Her lips pressed together, she pushed out a smile. “I didn’t tell anyone.”

Relief flooded my body. Three months in-patient therapy for drugs and alcohol, and she hadn’t cracked. I knew she never would. I was safe. Safe with Annie. She flew into my chest, and I held her as tight as I could.

“Do your parents know you’re here?” I asked. “I figured they’d never let you see me again.”

I told them there was no way to keep us apart,” she said. “They just left. They talked to Vicki and your dad.”

“What do your parents think happened?”

“I took your virginity,” she said with a broad smile.

She put her money where her mouth is, that’s for sure. “You’re the best friend a guy could ever have.” Her eyes gave away her hurt. I hated seeing it. I never wanted to hurt her, but I could never be more than her friend, now. “Annie, I can’t be . . .”

“I know,” she said, hugging me again. “Are you okay?”

I nodded. “I missed you.”

“Me, too,” she said. “I tried to get them to let me call or write, but they wouldn’t. I even tried to break out.”

The front door to my house opened. My dad smiled down at us, welcoming Annie back, but I just stared at my feet. I hadn’t looked him in the eye since that night. He took us inside, sitting us down on the sofa, sharing with us the new rules of the house, explaining it was the only way that Annie and I could continue to see each other. Stupid shit like we couldn’t be alone in my room. We couldn’t be in any room with the door closed. He’d never acted like a father before. We knew all this was coming from Annie’s parents, but we just rolled with it, knowing we’d do whatever the hell we wanted anyway. No drugs or alcohol of any kind was hilarious coming out of his mouth.

“We won’t be having too many parties,” Vicki said, coming and sitting down beside my father. When she came in, I swear he looked like he was glowing, his smile was so huge. She started to say something, then stopped, and he gave her a little nod. “I’m pregnant.” My eyes darted to hers, so cold I almost pissed my pants. “You are going to be a big brother, Pierce.”

Annie’s nails dug into me, and I said, “When? When’s the baby due?” My dad rattled off the date with such pride, and I did some quick math in my head.

“It’s early,” my dad said. “Only about eight weeks along.”

“Ashton, can you get me something to drink?” Vicki asked. “Some orange juice for the baby.”

Dutifully, he got up and walked toward the kitchen. Did he ever do that for my mother either time she was pregnant?

None of us had dared mention that night. But it was in every glance between Vicki and me. In every breath. It had stolen all the oxygen out of the house. But now we had to.

“She could be lying. About the date. She could be lying,” Annie whispered, but Vicki heard her, her head whipping around. I shielded Annie, afraid Vicki was going to slap her. “You have to tell someone,” Annie whispered to me.

“What would you like to tell them?” Vicki asked.

Annie got in her face. “You know what you did.”

“I don’t know what you are talking about.”

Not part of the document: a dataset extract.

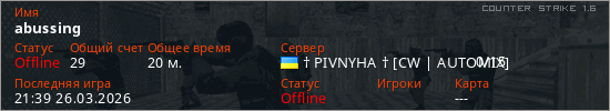 Играет на Counter Strike 1.6 сервере. Страна: УкраинаПервый раз замечен 21:14 26.03.2026

“You . . .” Annie stumbled for the right words. “You snuck into his room and . . .”

“And . . .” Vicki said, almost like a dare. “What did you do?”

Annie’s eyes darted to mine. “Annie didn’t do anything,” I snapped. “Leave her alone.”

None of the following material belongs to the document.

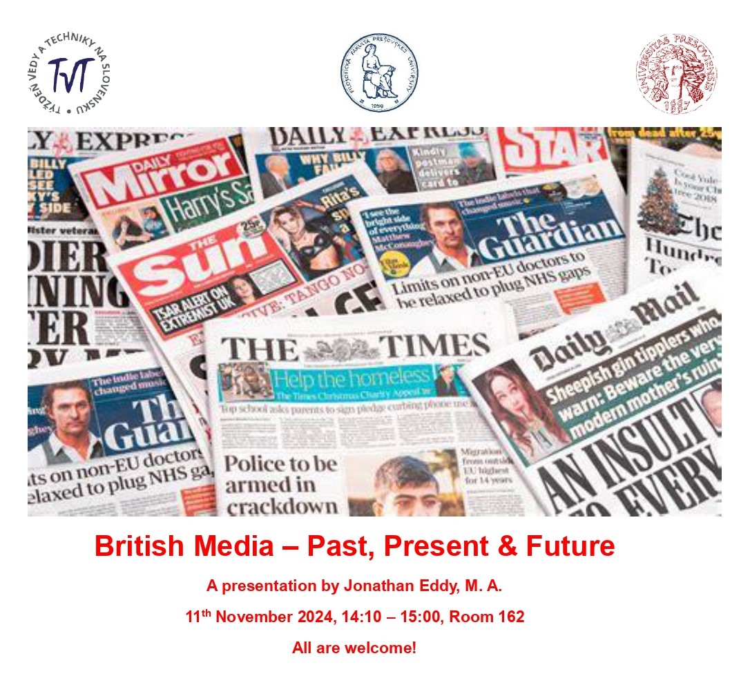 Týždeň vedy a techniky - British Media - Past Present & Future (11. 11. 2024: 14.10 – 15.00) Prezentácia aktuálnej témy v podaní rodeného hovoriaceho Galéria Galéria Aktualizoval(a): Veronika Bežilová, 06.11.2024

Vicki smiled. “You and Annie got high and slept together. That’s the story she told everyone. The story she told her doctors, her parents. You want to change that story now?” Annie looked at me again. “Because I can think of a lot of interesting stories to tell. Maybe a story about a troubled girl who gave my stepson drugs and alcohol. Or maybe a story about my drugged-out stepson who took advantage of . . .”

“You’re crazy,” Annie cried.

“I’m not the one who just got out of the psych ward,” Vicki sneered, inching closer. We all knew who had the power, the control, and it wasn’t two fifteen-year-old kids. “I don’t want to talk about this again, agreed?”

And we never did. Instead, Annie and I waited, counting the days until Tawny’s birth, thankful when she was born on her due date and not a second sooner.

Turns out, she wasn’t my daughter. She was my sister, but she was still growing up in that house with that woman as her mother.